Instructions to follow -
Transcribe the listing exactly; drop the images.

Recorded information -
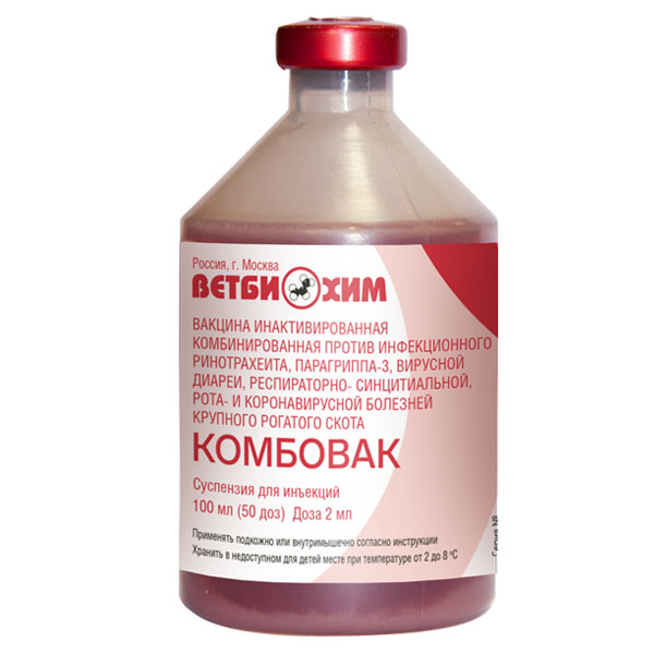 Комбовак-А – вакцина против инфекционного ринотрахеита, парагриппа-3, вирусной диареи, респираторно-синцитиальной, рота-, коронавирусной болезней и аденовирусной инфекции крупного рогатого скота. По внешнему виду вакцина представляет собой эмульсию белого или бледно-розового цвета, при хранении которой допускается незначительное отслоение эмульсии.
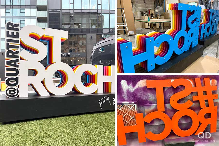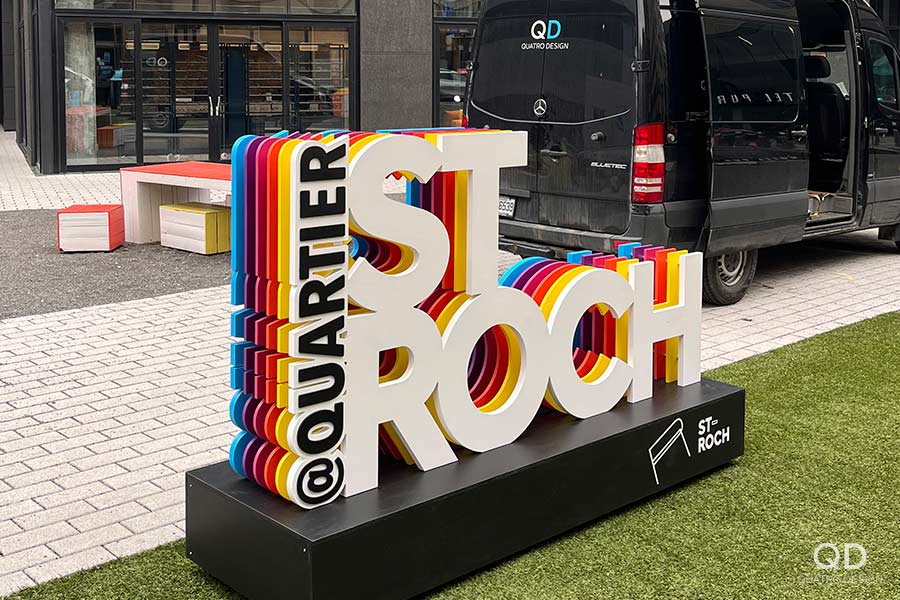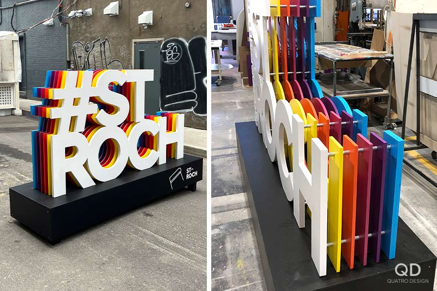 Ces deux photobooths extérieurs ont notamment été utilisé dans le quartier St-Roch pendant l’événement « St-Roch XP ». Le logo a été découpé numériquement en plusieurs épaisseurs, chacune d’une couleur différente, qui sont espacées et fixées ensemble à l’aide de tiges de métal. L’effet arc-en-ciel de ce design est très attirant pour l’oeil.
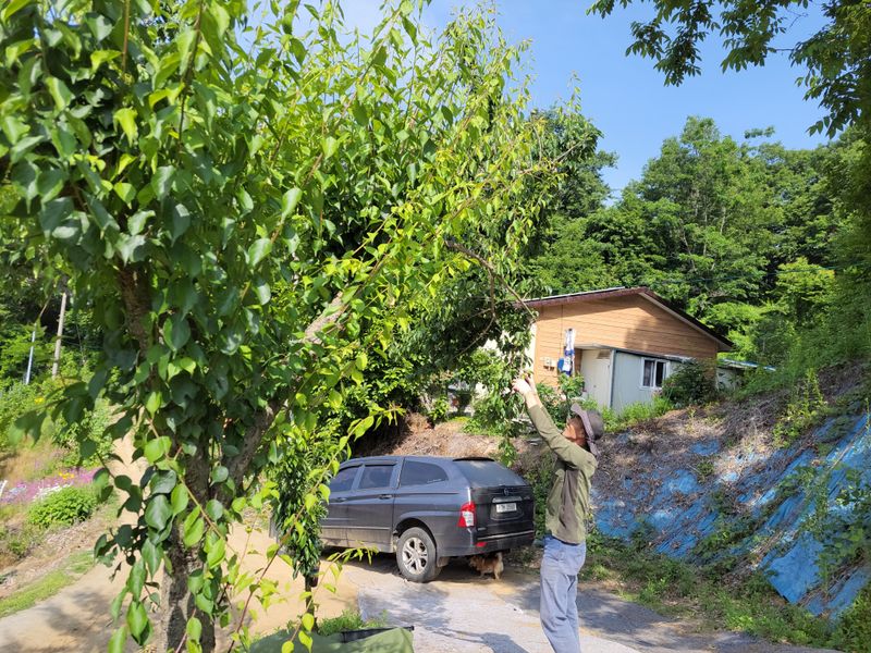 아침엔 매실, 오후엔 논두렁에 개복숭아를 털었습니다. 시기가 맞나? 개복숭아는 씨가 생기기 전에 딴다길래 잘라 봤습니다. 딱이네요 ^^

Task solution -
 Комбовак-А – вакцина против инфекционного ринотрахеита, парагриппа-3, вирусной диареи, респираторно-синцитиальной, рота-, коронавирусной болезней и аденовирусной инфекции крупного рогатого скота. По внешнему виду вакцина представляет собой эмульсию белого или бледно-розового цвета, при хранении которой допускается незначительное отслоение эмульсии.
 Ces deux photobooths extérieurs ont notamment été utilisé dans le quartier St-Roch pendant l’événement « St-Roch XP ». Le logo a été découpé numériquement en plusieurs épaisseurs, chacune d’une couleur différente, qui sont espacées et fixées ensemble à l’aide de tiges de métal. L’effet arc-en-ciel de ce design est très attirant pour l’oeil.
 아침엔 매실, 오후엔 논두렁에 개복숭아를 털었습니다. 시기가 맞나? 개복숭아는 씨가 생기기 전에 딴다길래 잘라 봤습니다. 딱이네요 ^^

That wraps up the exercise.